Objective to provide ecologists with a lot of integrated data.
But access is on the first step, also need:
- Query and analysis-ecologist as programmers?
- Metadata-why is it so hard to get?
- Database- with data set) design ecologists as database programmers
Can we get:
-Metadata
-Common data elements for linking
-Tools

How get metadata as a by-product of increased research productivity?
Canopy Pathfinder projects (ecologists do multi-site field research with database support and study and publish data sets)
The BCD (research reference)
Databank (the project is to help people design datasets; publish them; and query data)
Within-lab research (working w/Barbara- how collaborate within lab? Students have local share repository where data is stored AND documented)
Spatial Database research


BCD- domain specific research reference overhead

One part of sequence- locate where are the data and metadata bottlenecks?
Study design -fieldwork- data entry/verification- analysis-sharing w/in group-journal publication-data archiving- data mining.

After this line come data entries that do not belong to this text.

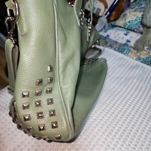 Viola Castellani Made in Italy Gray Leather Shoulder Bag Purse Studs Footed VGUC.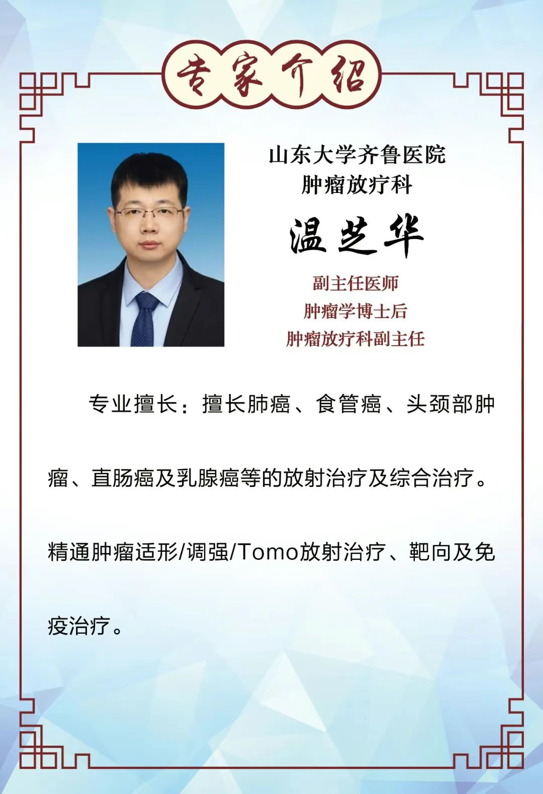 山东省齐鲁医院 温芝华 坐诊科室:肿瘤科 坐诊时间:1月14日下午14:30-17:00 咨询热线:0539-4821586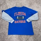 Florida Gators Shirt Mens Large Blue Gray Layered Tee NCAA Football University Condition: - Tiny pinhole in sleeve. - Overall in good used condition. - No stains. - Nice graphic on chest. Size: - Mens large. Measurements: - Previous washings may change the sizing written on the tag. - Please refer to the photos above for all measurements. - Please compare our measurements to that of one of your favorite garments. - Please note, item measurements are approximate . All items are bagged and sealed after being photographed, then stored in a smoke free environment to ensure the item is exactly the same as when photographed. I carefully package and ship daily. Feel free to contact me with any questions. All items have been washed per eBay standards & policies.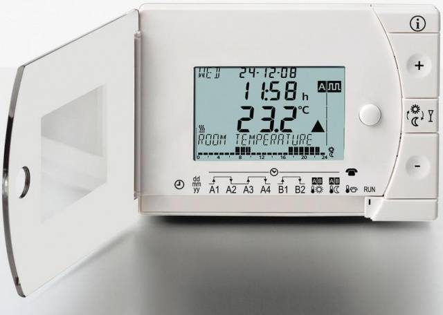 Modelos electronicos más preciso. Tienen función de programación. El cambio de modos de funcionamiento se realiza en la pantalla táctil o mediante botones. La desventaja de los termostatos electrónicos es el alto costo y la complejidad del control.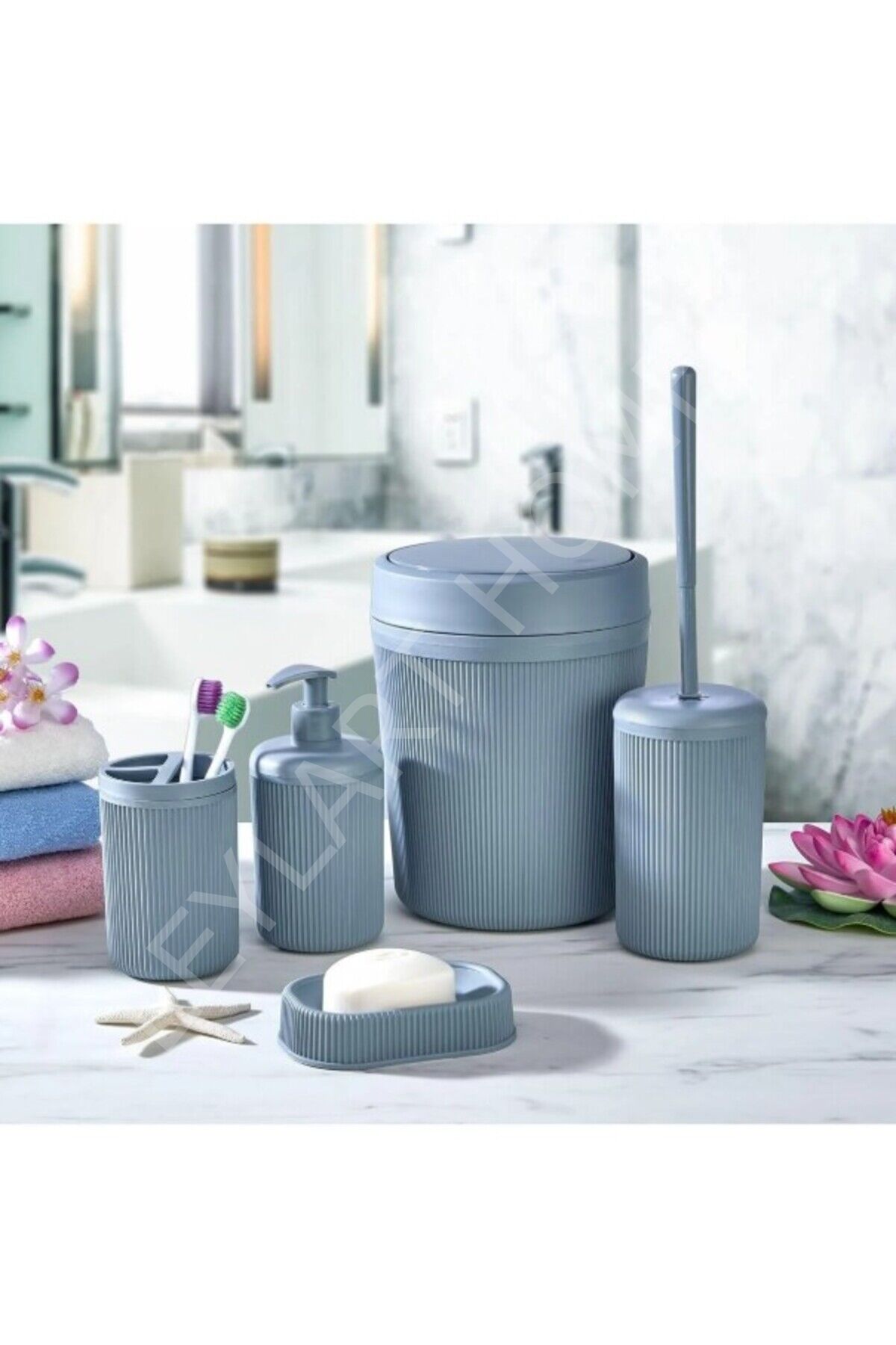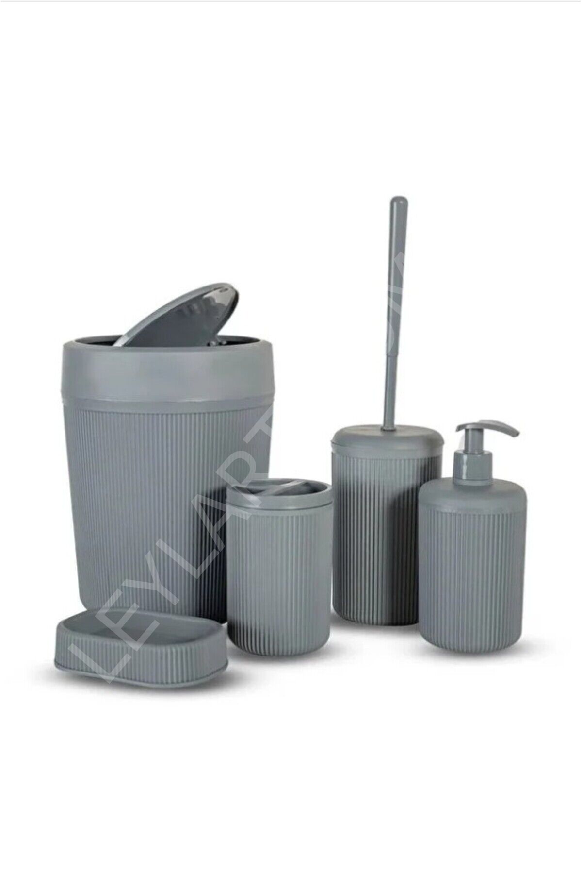 5 parçadan oluşan banyo seti, ihtiyacınız olan tüm temel eşyaları tek pakette sunar.; - 7 litre kapasiteli çöp kovası ile geniş hacimde atıkları rahatlıkla toplayabilirsiniz.; - Pratik kullanım için tasarlanmış tuvalet fırçası, banyonuzda hijyenik bir temizlik sağlar.; - Sabunluk ve diş fırçalığı gibi diğer aksesuarlar, günlük banyo rutininizi kolaylaştırır.; - Dayanıklı plastik materyalden üretilmiş olup uzun ömürlü kullanım vaat eder.; - Set içeriğiçöp kovası, sabunluk, sıvı sabunluk, diş fırçalık ve tuvalet fırçası olarak iletilecektir.; - Şık tasarımı ve yüksek kalitesi ile banyonuzda modern ve uyumlu bir tasarım sağlayacaktır.; - Yerli üretimdir.; - Gri, bej ve beyaz olmak üzere üç farklı renkten satışa sunulmuştur.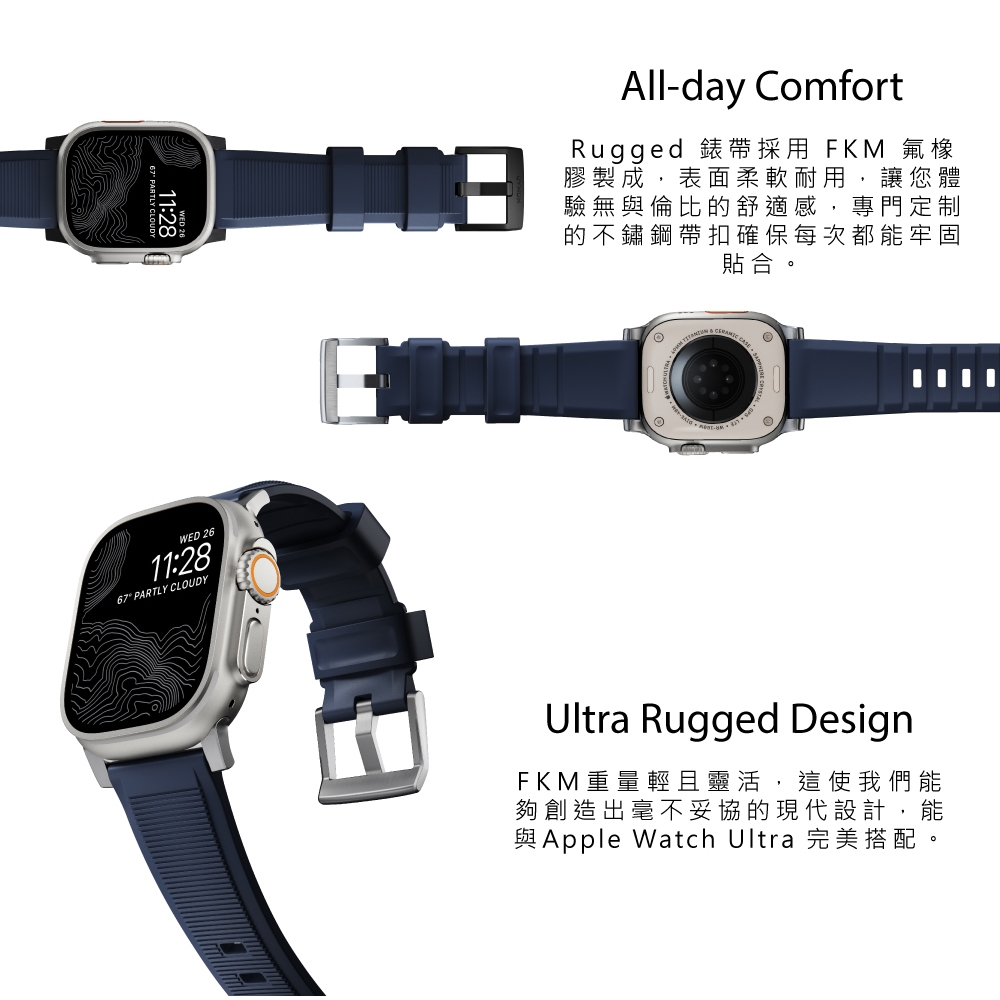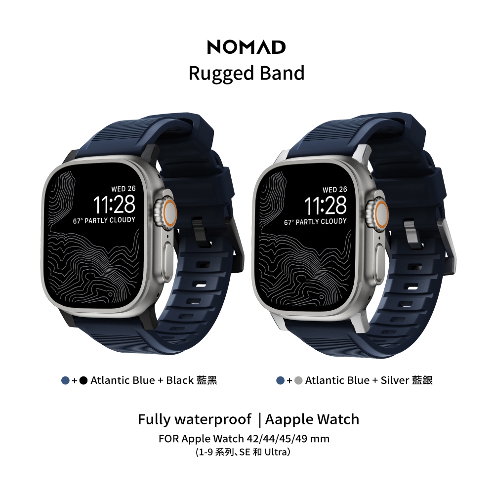 【美國NOMAD】Apple Watch專用高性能橡膠質感錶帶-49/46/45/44mm- 藍黑/ 藍銀藍黑|藍銀|藍銀(A+品)|藍黑(A+品)Wearable AccessoriesNOMAD台灣官方旗艦店
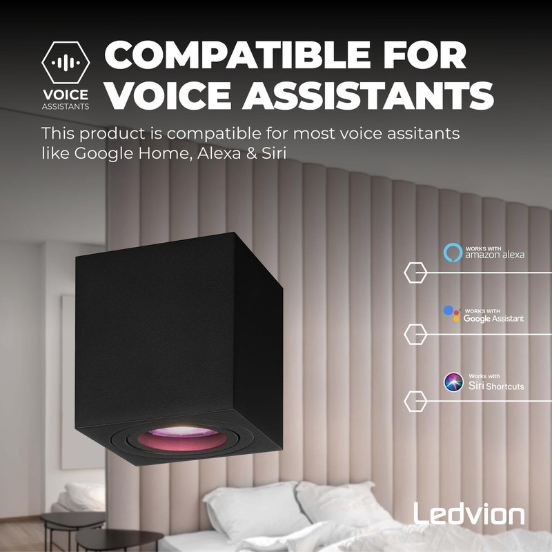 Ledvion - LED surface-mounted spotlights, square RGB, dimmable, 4.9 W, RGB+CCT, black, ceiling light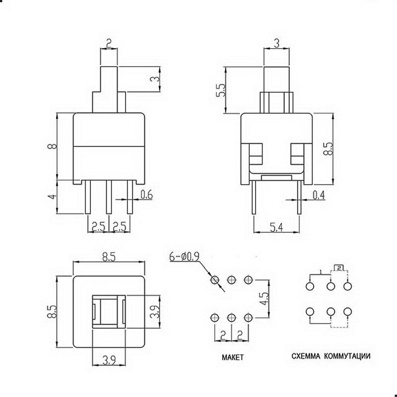 8.5x8.5x14mm; 0.1A/30VDC; 6pin

Judy walk through of canopy databank homepage
Distinction between "project" and "study" as used in databank and defined by LTER

Study -one piece of work associated with a single body of data (e.g. masters thesis)
Project-looser type collection of studies organized to answer related questions or where researchers are going to share metadata. (e.g. WESTGEC at WRCCRF)

Click on search or recent study- 1000-year chronosequence (listed as study, but Bob thinks it is more of a project with about half a dozen studies in it). Judy walked through study information provided in database.

Would be useful to be able to click on name of the individual field and get the metadata or definition of that individual field. (In the same way you can click on "data" or "table information" to get detailed information). Data is in Excel or Access format- sequel format can provide in certain format.

Can download metadata- report like form in word that allows you to read through. Now, metadata is what user provides, would be nice to have common format that could be used for a standard metadata report. If someone is interested in or willing to use database design someone else made (e.g. common variable such as 'photosynthesis), would be easier to design metadata. Metadata available in 2 forms (1. machine process metadata; 2. narrative)

Are working closely with LTER in Corvalis and others to try and standardize metadata (MBII and USGS and other standards committee). Would allow us to take their data and they could take ours. Working on it.

Judy reiterated that his is in draft format and want input on what would be useful. There was considerable comment and discussion about the word "metadata" and the fact that the info that follows it is really narrative, not metadata. Question- Could we use 2 different words for the types of metadata? There is metadata that is more of a description of the project and how it was done. Then there is more technical metadata (field descriptions; characteristic; spaces; integers vs. real numbers; accuracy etc.) Some think of metadata that can actually be manipulated.

Working on cross-queries. E.g. Want all stem data for 3 different projects- would be able to do cross level query without having to get all the data from all 3 projects. Possible on-line graphics. How get data in? A metadata form will be used- can see tomorrow. Can do on-line also.

Are researchers encouraged to follow standards of FGDC? Not many people knew what FGDC was, but after explanation most thought they were compliant with those standards, but there were a few layers in between.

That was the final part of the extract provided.